Real laid-back

Lee Bob rounds up a few locals and cuts a fine soundtrack for slacking

Lee Bob contemplates the spaces between the notes.

Lee Bob contemplates the spaces between the notes.

photo by Cynthia E. Jones

Lee Bob’s record release is Saturday, August 4, at 9 p.m. at the True Love Coffeehouse, 2406 J St., with Damon Wyckoff and others. Cover is $5; for information call 492-9002.

Lee Bob, or Lee Robert Watson, as his parents named him, is not your typical undersized junior-Napoleon overachiever. For one thing, he’s real tall. And, in character with that, he’s real laid-back.

You can hear the latter quality on The Sun Years, a CD Lee Bob wrote, recorded and released on his own Brahma Records label. Although it might be easy to lump Lee Bob in with half a million other bindlestiff-toting crosstie walkers with a Hank Williams songbook in the guitar case and a half-pint of Cumberland varnish stripper in the back pocket, where he’s coming from is a lot closer to Pink Moon than “Blue Moon of Kentucky.” The spaces between the notes Lee Bob often haunts with silence, and he tends to opt for chords beyond the stock major triads—major sevenths, sixths and minor sevenths, for example.

“Pretty stuff,” Lee Bob says. “I started, not so much during the recording of this, but I’ve got a backlog of more traditional-type songs that, when I go back to record, I’m getting really into Nick Drake, Cat Stevens things where it’s acoustic guitar or whatever. Then the strings come in. That sort of contrast isn’t what I’m going for on this, but I’m into that; I want to go in that direction.

“But basically,” he adds, “I want to go in a million directions. That’s why this album is so different.”

Lee Bob’s original idea called for him to play all the parts himself, but then his mind started churning up ideas, so he roped some of the area’s more illustrious musical talents to help him put the project together: Cake bassist Gabe Nelson, Jackpot frontman Rusty Miller (Lee Bob plays bass and keyboards for Jackpot), Forever Goldrush frontman Damon Wyckoff and guitarist Josh Lacey, Joe’s Style Shop partner Justin DeHart, Mitchell Slater and the man who’s perhaps the area’s most brilliant rock-rooted musician, FMK/Sex 66/Daisy Spot guitarist Mike Farrell.

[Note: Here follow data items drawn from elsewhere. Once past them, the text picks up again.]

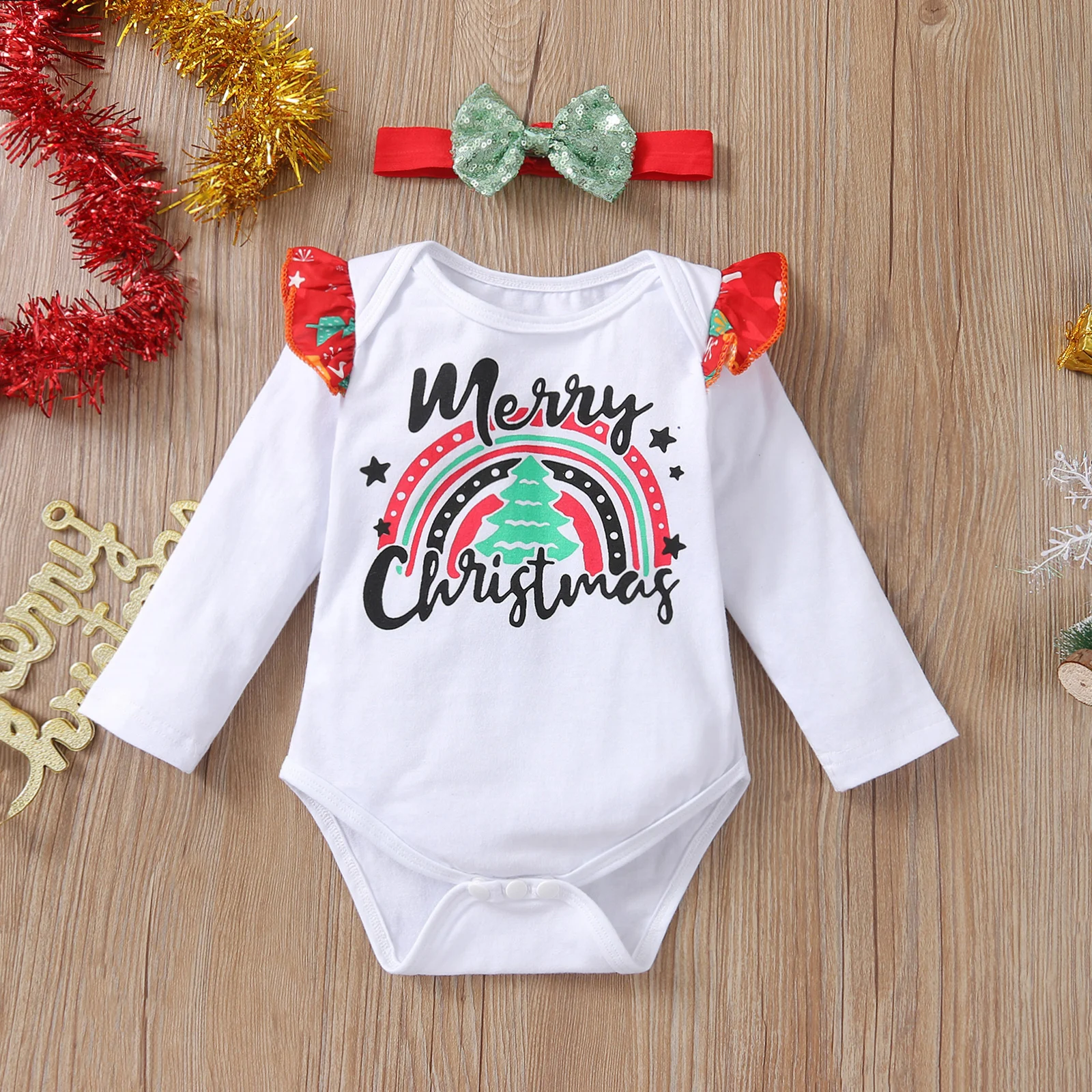 Рождественская одежда для малышей, комбинезон с длинным рукавом и о...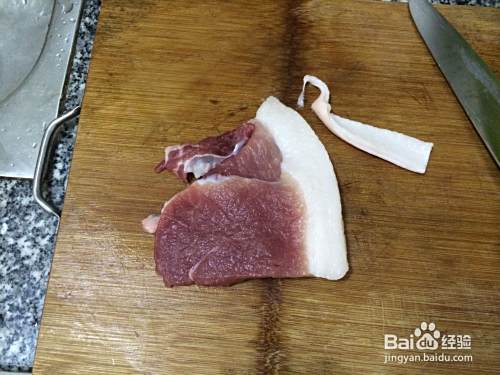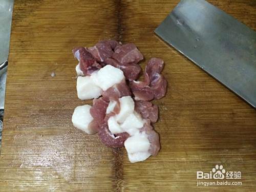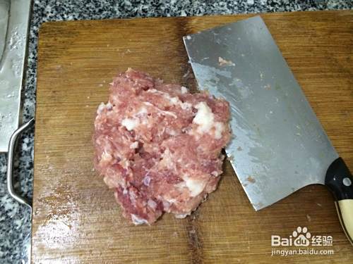 取出半斤半肥瘦肉,把猪皮去掉,现切成小块,然后用大刀剁碎。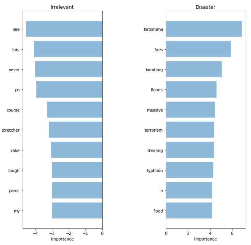 To validate our model and interpret its predictions, it is important to look at which words it is using to make decisions. If our data is biased, our classifier will make accurate predictions in the sample data, but the model would not generalize well in the real world. Here we plot the most important words for both the disaster and irrelevant class. Plotting word importance is simple with Bag of Words and Logistic Regression, since we can just extract and rank the coefficients that the model used for its predictions.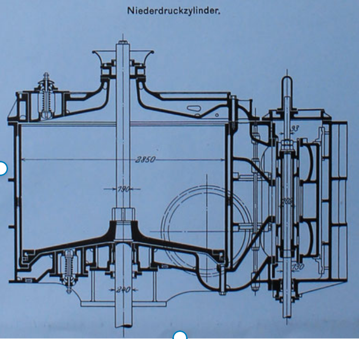 Abbildung 6: Hauptmaschine der der Kaiser Wilhelm II, ND-Zylinder (Foto Dr. Hochhaus aus [3])
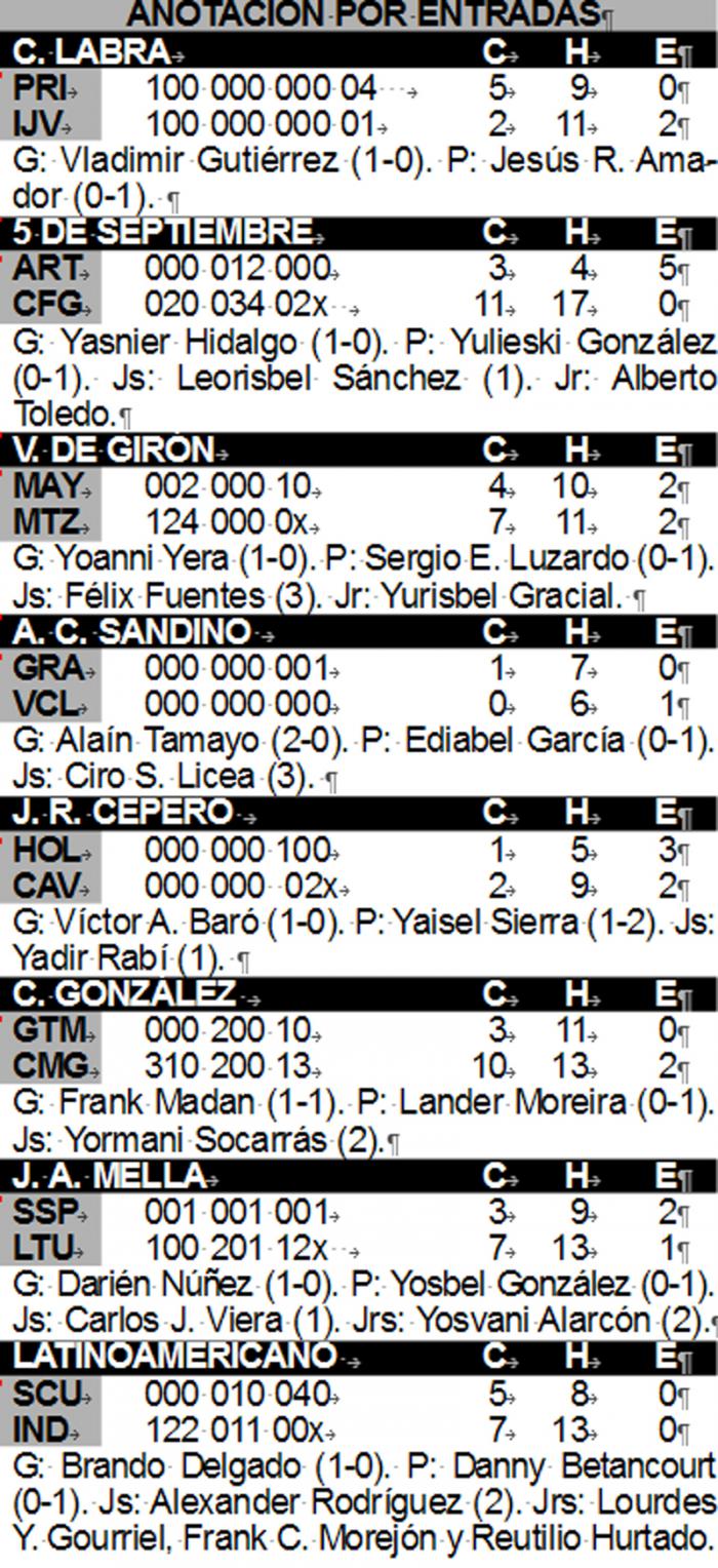 El zurdo Yunier Gamboa tiró ocho innigs completos desde la lomita isleña sin permitir libertades a los monarcas de la campaña precedente. Toleró solo tres jits, todos sencillos, ponchó a uno y regaló un boleto, mientras sus compañeros fabricaron la única del juego en la cuarta entrada, empujada por el bate del veterano Luis Felipe Rivera, que remolcó a Rigoberto Gómez. La cuarta derrota pinareña volvió sobre los hombros de su astro Yosvani Torres, quien no ha podido hacerse justicia en las dos aperturas de esta todavía joven 54 Serie Nacional.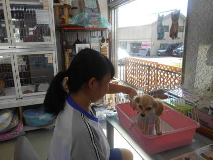 2年・14歳の挑戦・5日目・その11 公開日 2024/09/06 更新日 2024/09/06 2学年 9月6日(金) 14:00 「社会に学ぶ『14歳の挑戦』」の活動を紹介します。 「にのみやペットセンター新庄店」の活動の様子です。 チワックスの子犬のお世話をしている様子です。 商品の拭き掃除や子犬のお世話等、貴重な体験をさせてもらいました。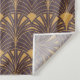 Art Deco pattern with fan-shaped motifs in orange and dark purple. The geometric design is repetitive, reflecting a vintage, elegant style.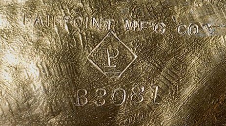 One great thing about Pairpoint lamps is that they are almost always marked. Every original Pairpoint base should have a mark on it. Some lamps are marked and some are not. Fortunately, the quality of the glass and painting on the shade is usually enough that they don’t have to be marked in order to be considered original. However, some Pairpoint lamp shades are marked. We didn’t include it here. But the shade can be marked with a tiny “P” somewhere on the inside of it. We did include some of the more frequently encountered Pairpoint marks below. Please contact us if you need help identifying any marks related to your Pairpoint lamp.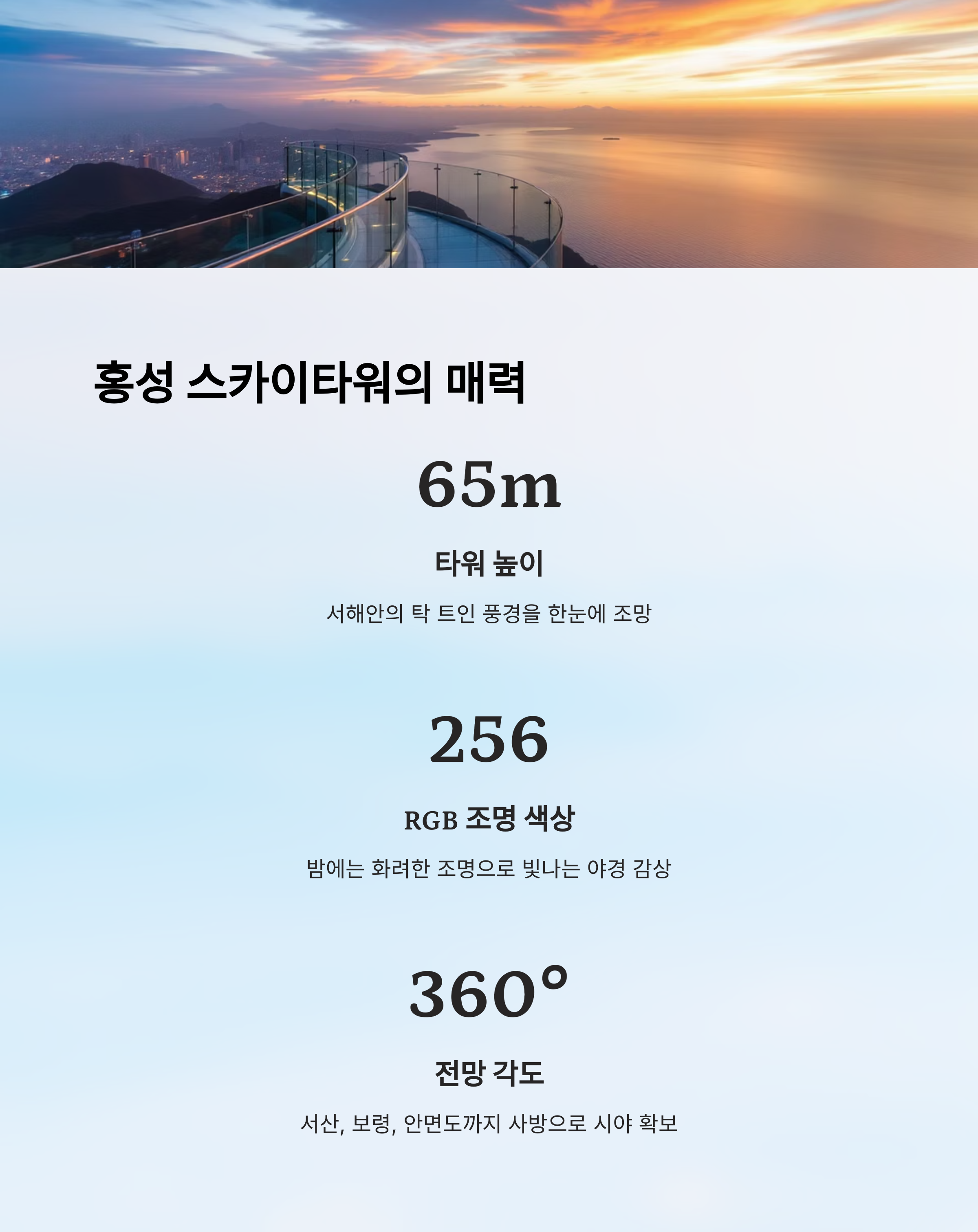 | 홍성 스카이타워 | 65m 높이에서 서해 일몰 감상 | 스카이워크 & 노을 포토존 |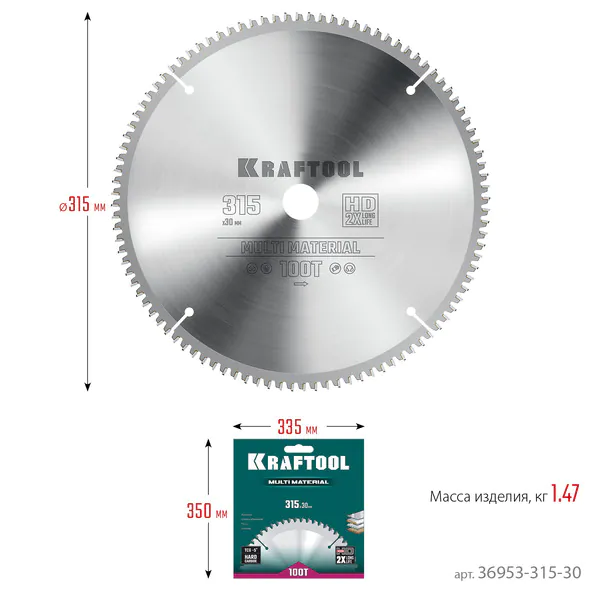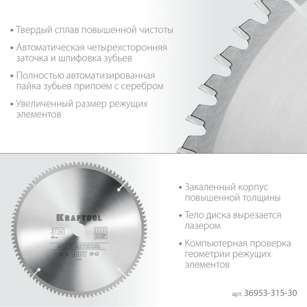 - KRAFTOOL Multi Material, 315 х 30 мм, 96Т, пильный диск по алюминию (36953-315-30)

On The Sun Years’ opening cut, “Our Lady of the Sun,” Lee Bob got Farrell to tune in to his wavelength without a whole lot of effort. “Mike is great,” Lee Bob says. “That was mostly first-take stuff. He came in; I don’t even know if he’d listened to the tape I’d given him, but it’s pretty straightforward. The first part of it, I told him, ‘Let’s try some Wes Montgomery octaves.’ And he said, ‘OK.’ And then the rhythm part, maybe a little bit more of like a rhythmic, bossa-nova thing going on. And at the end, it’s just a natural, solo, Jimmy Page-style of freak out. He just totally took the song in like three different directions—which is kind of what I was going for.”

Such eclecticism would not be out of character. “Actually,” Lee Bob says, “my background is in jazz. Not as a player, but as a listener. The first music I really got into was jazz. I played trumpet, so my first influence was really Miles Davis. I saw Miles Davis at the community center when I was 16; I went by myself. That was like my rebellion—I got into jazz.”

For the record, Lee Bob “likes it all” when it comes to Miles, but prefers those mid- to late-’60s quintets that led up to Bitches Brew, not to mention that seminal fusion disc. “I still listen to that and think, that’s from a different planet,” he says.

While he’s been busy plotting subverting the subdominant rock paradigm with jazz subliminals, Lee Bob has also hidden his identity behind a couple of group personas, both of whom are the kind of bands that get covered by the neo-country journal No Depression. First, he played with Grub Dog and the Amazing Sweethearts from 1998-99, then in Jackpot, which he joined a year ago this month. “I have a lot of respect for Rusty as a songwriter,” he says.

Still, with Jackpot’s impending third album on hold—it’s done, but it’ll stay in the can until a few things get worked out—Lee Bob has a little more time to explore his own music. And hey, it’s worth checking out.